__WORK INSTRUCTIONS__: Transcribe the listing exactly, skipping every picture.
-- INFORMATION PROVIDED follows --
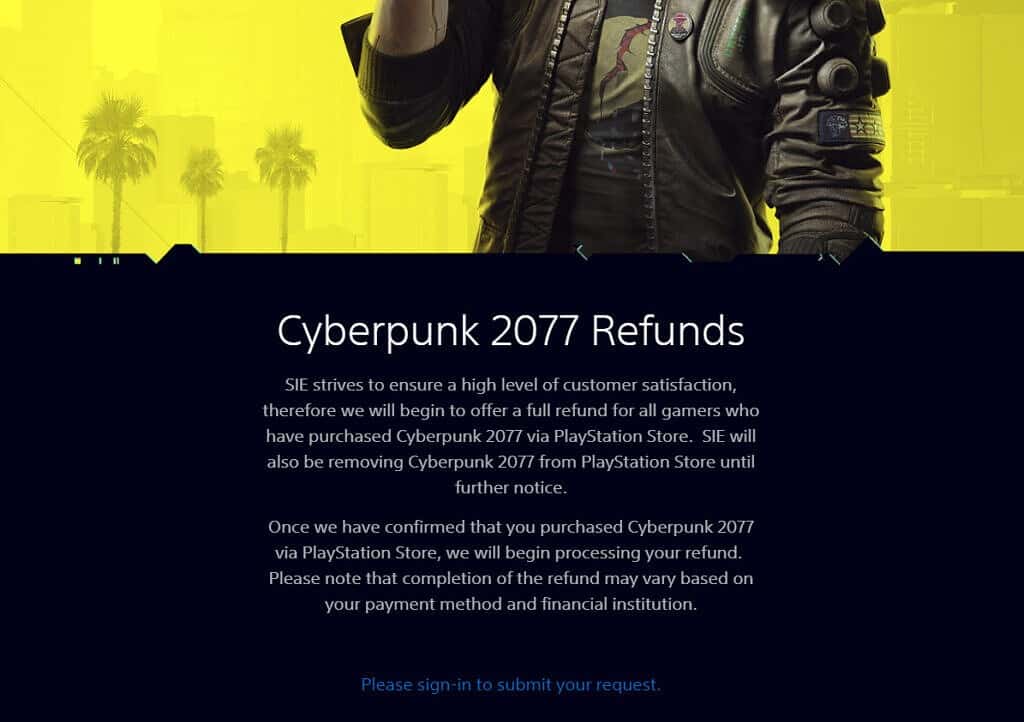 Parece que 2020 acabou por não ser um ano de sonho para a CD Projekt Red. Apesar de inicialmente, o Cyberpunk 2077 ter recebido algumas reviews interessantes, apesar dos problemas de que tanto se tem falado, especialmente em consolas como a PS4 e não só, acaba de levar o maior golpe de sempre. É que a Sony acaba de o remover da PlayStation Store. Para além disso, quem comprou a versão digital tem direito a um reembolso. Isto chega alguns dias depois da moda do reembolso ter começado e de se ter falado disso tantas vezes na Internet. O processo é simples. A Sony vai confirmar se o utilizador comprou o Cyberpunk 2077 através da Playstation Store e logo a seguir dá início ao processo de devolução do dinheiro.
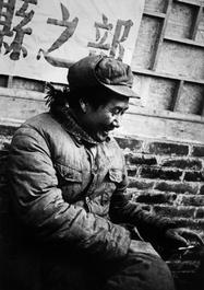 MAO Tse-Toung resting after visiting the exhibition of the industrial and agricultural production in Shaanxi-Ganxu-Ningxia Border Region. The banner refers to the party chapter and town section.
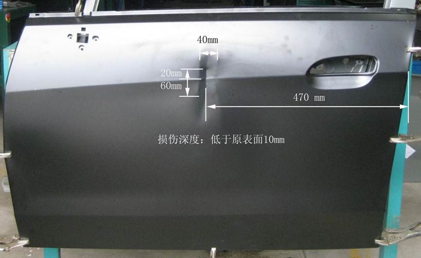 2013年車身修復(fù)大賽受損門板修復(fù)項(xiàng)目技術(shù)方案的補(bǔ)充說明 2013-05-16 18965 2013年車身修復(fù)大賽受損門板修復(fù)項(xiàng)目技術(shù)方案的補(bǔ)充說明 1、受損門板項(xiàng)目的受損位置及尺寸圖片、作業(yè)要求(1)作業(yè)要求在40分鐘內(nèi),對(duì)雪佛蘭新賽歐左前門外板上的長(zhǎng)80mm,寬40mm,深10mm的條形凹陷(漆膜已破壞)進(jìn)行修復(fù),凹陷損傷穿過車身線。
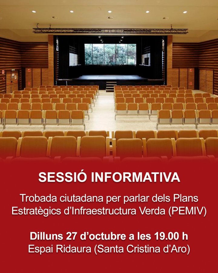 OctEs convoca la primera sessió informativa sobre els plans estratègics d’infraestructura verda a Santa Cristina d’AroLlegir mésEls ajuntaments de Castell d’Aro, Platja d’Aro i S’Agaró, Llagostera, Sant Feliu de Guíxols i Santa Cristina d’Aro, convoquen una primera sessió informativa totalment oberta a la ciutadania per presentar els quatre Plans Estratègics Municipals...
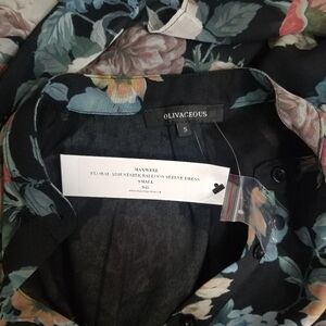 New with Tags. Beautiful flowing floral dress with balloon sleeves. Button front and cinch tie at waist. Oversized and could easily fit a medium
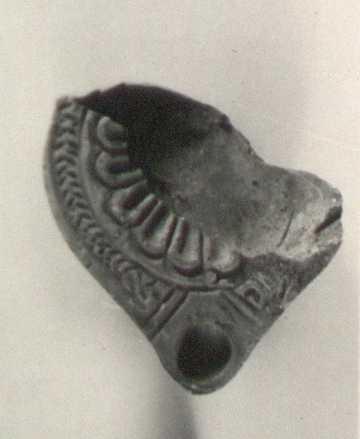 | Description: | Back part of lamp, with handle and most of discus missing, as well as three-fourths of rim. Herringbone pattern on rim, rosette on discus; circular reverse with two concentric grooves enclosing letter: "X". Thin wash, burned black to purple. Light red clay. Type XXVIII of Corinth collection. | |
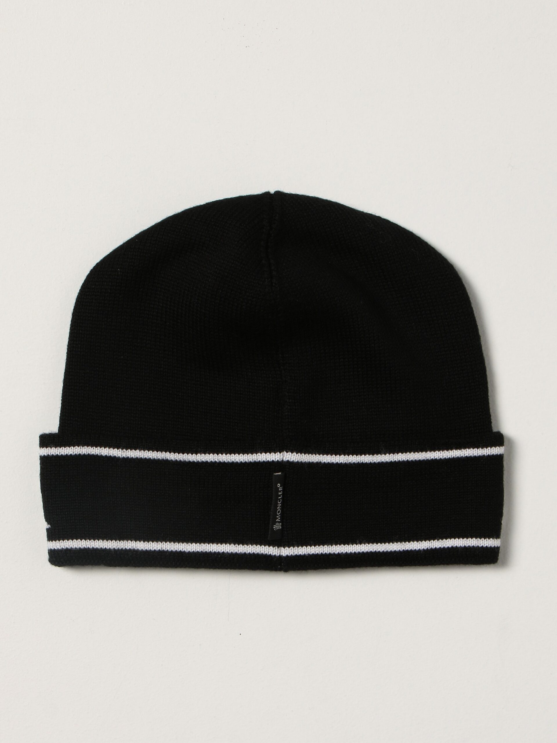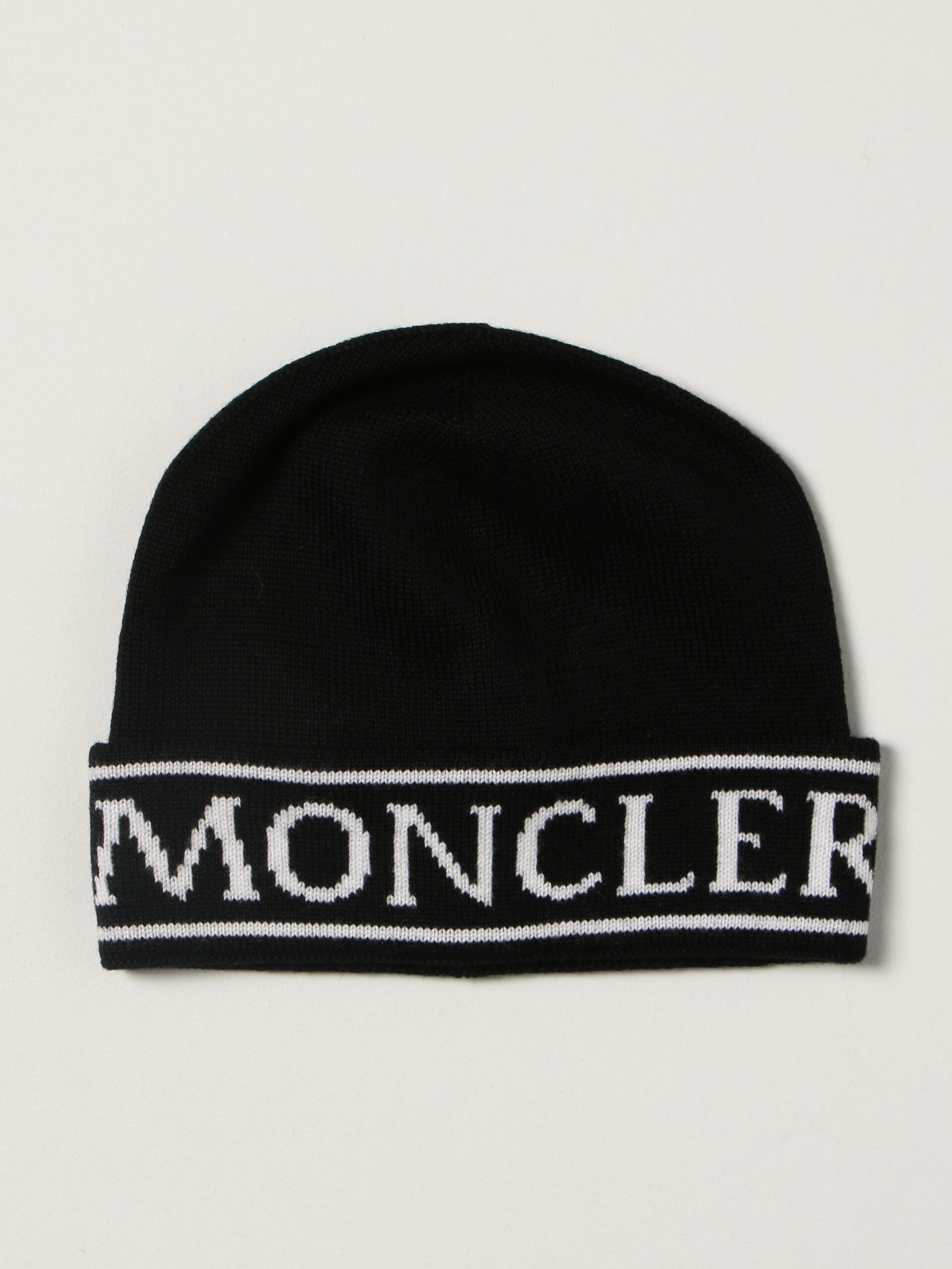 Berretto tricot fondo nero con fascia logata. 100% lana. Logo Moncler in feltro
-- INFORMATION PROVIDED concluded --
__OUTPUT FOR THIS EXERCISE__:
 Parece que 2020 acabou por não ser um ano de sonho para a CD Projekt Red. Apesar de inicialmente, o Cyberpunk 2077 ter recebido algumas reviews interessantes, apesar dos problemas de que tanto se tem falado, especialmente em consolas como a PS4 e não só, acaba de levar o maior golpe de sempre. É que a Sony acaba de o remover da PlayStation Store. Para além disso, quem comprou a versão digital tem direito a um reembolso. Isto chega alguns dias depois da moda do reembolso ter começado e de se ter falado disso tantas vezes na Internet. O processo é simples. A Sony vai confirmar se o utilizador comprou o Cyberpunk 2077 através da Playstation Store e logo a seguir dá início ao processo de devolução do dinheiro.
 MAO Tse-Toung resting after visiting the exhibition of the industrial and agricultural production in Shaanxi-Ganxu-Ningxia Border Region. The banner refers to the party chapter and town section.
 2013年車身修復(fù)大賽受損門板修復(fù)項(xiàng)目技術(shù)方案的補(bǔ)充說明 2013-05-16 18965 2013年車身修復(fù)大賽受損門板修復(fù)項(xiàng)目技術(shù)方案的補(bǔ)充說明 1、受損門板項(xiàng)目的受損位置及尺寸圖片、作業(yè)要求(1)作業(yè)要求在40分鐘內(nèi),對(duì)雪佛蘭新賽歐左前門外板上的長(zhǎng)80mm,寬40mm,深10mm的條形凹陷(漆膜已破壞)進(jìn)行修復(fù),凹陷損傷穿過車身線。
 OctEs convoca la primera sessió informativa sobre els plans estratègics d’infraestructura verda a Santa Cristina d’AroLlegir mésEls ajuntaments de Castell d’Aro, Platja d’Aro i S’Agaró, Llagostera, Sant Feliu de Guíxols i Santa Cristina d’Aro, convoquen una primera sessió informativa totalment oberta a la ciutadania per presentar els quatre Plans Estratègics Municipals...
 New with Tags. Beautiful flowing floral dress with balloon sleeves. Button front and cinch tie at waist. Oversized and could easily fit a medium
 | Description: | Back part of lamp, with handle and most of discus missing, as well as three-fourths of rim. Herringbone pattern on rim, rosette on discus; circular reverse with two concentric grooves enclosing letter: "X". Thin wash, burned black to purple. Light red clay. Type XXVIII of Corinth collection. | |
 Berretto tricot fondo nero con fascia logata. 100% lana. Logo Moncler in feltro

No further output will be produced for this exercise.